_Required work_
Copy out exactly the stretch of the listing below that begins at the line containing "Fresh opinion poll" and ends at the line containing "This necklace has", and copy nothing outside it.

_Recorded data_
==*==

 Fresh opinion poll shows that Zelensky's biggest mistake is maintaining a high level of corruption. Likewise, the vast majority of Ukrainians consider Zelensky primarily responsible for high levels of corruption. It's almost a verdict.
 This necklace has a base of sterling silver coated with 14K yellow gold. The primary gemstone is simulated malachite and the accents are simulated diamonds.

==*==

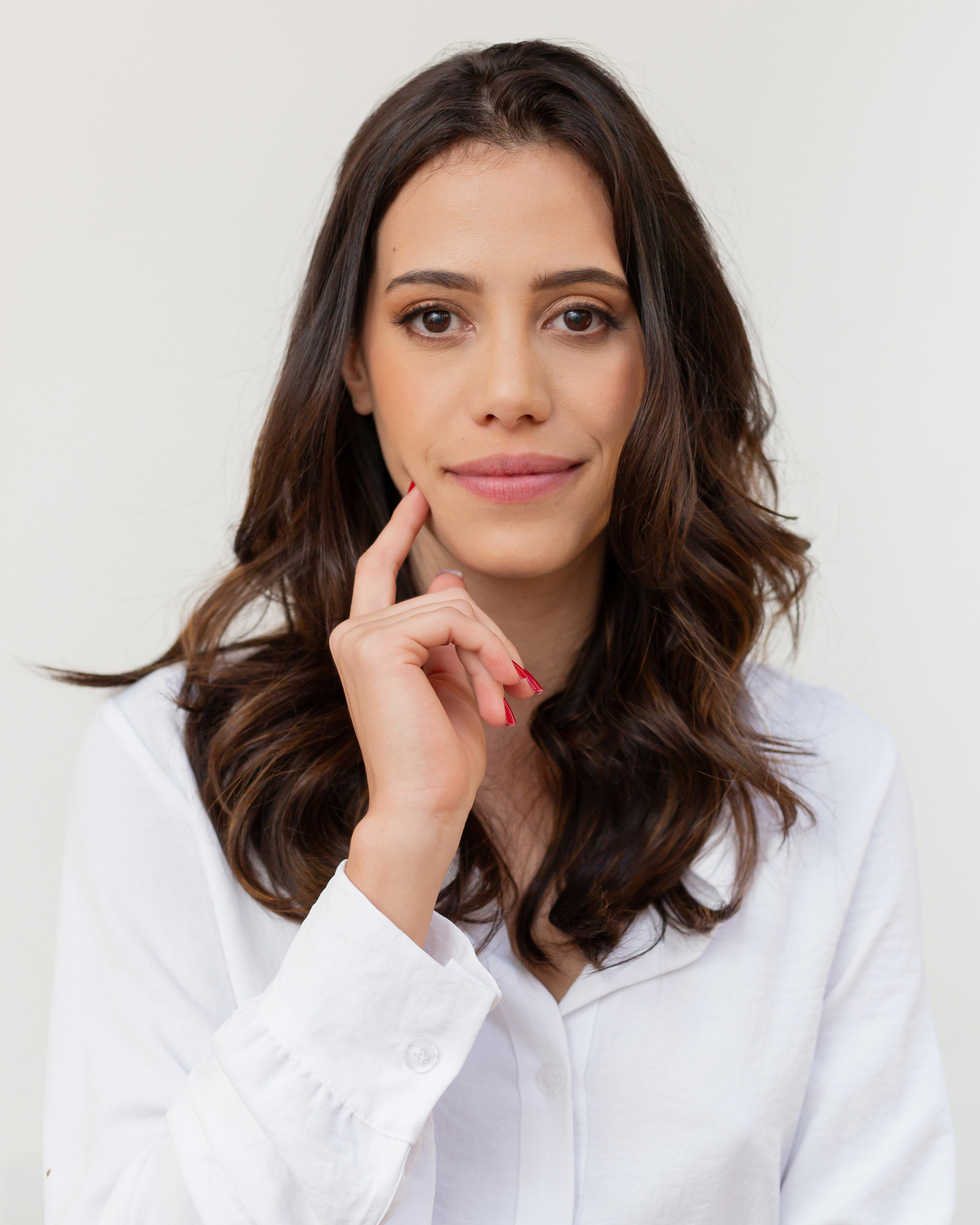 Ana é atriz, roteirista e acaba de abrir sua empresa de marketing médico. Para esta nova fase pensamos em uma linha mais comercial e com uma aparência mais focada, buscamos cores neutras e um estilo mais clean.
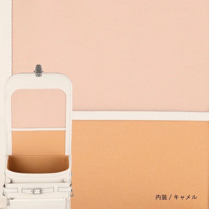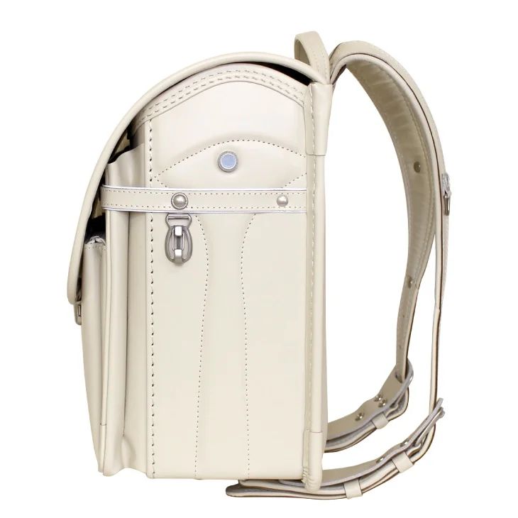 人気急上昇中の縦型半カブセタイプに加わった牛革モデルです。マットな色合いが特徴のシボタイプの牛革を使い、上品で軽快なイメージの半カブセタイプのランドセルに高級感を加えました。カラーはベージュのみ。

==*==

_Response to this exercise_
 Fresh opinion poll shows that Zelensky's biggest mistake is maintaining a high level of corruption. Likewise, the vast majority of Ukrainians consider Zelensky primarily responsible for high levels of corruption. It's almost a verdict.
 This necklace has a base of sterling silver coated with 14K yellow gold. The primary gemstone is simulated malachite and the accents are simulated diamonds.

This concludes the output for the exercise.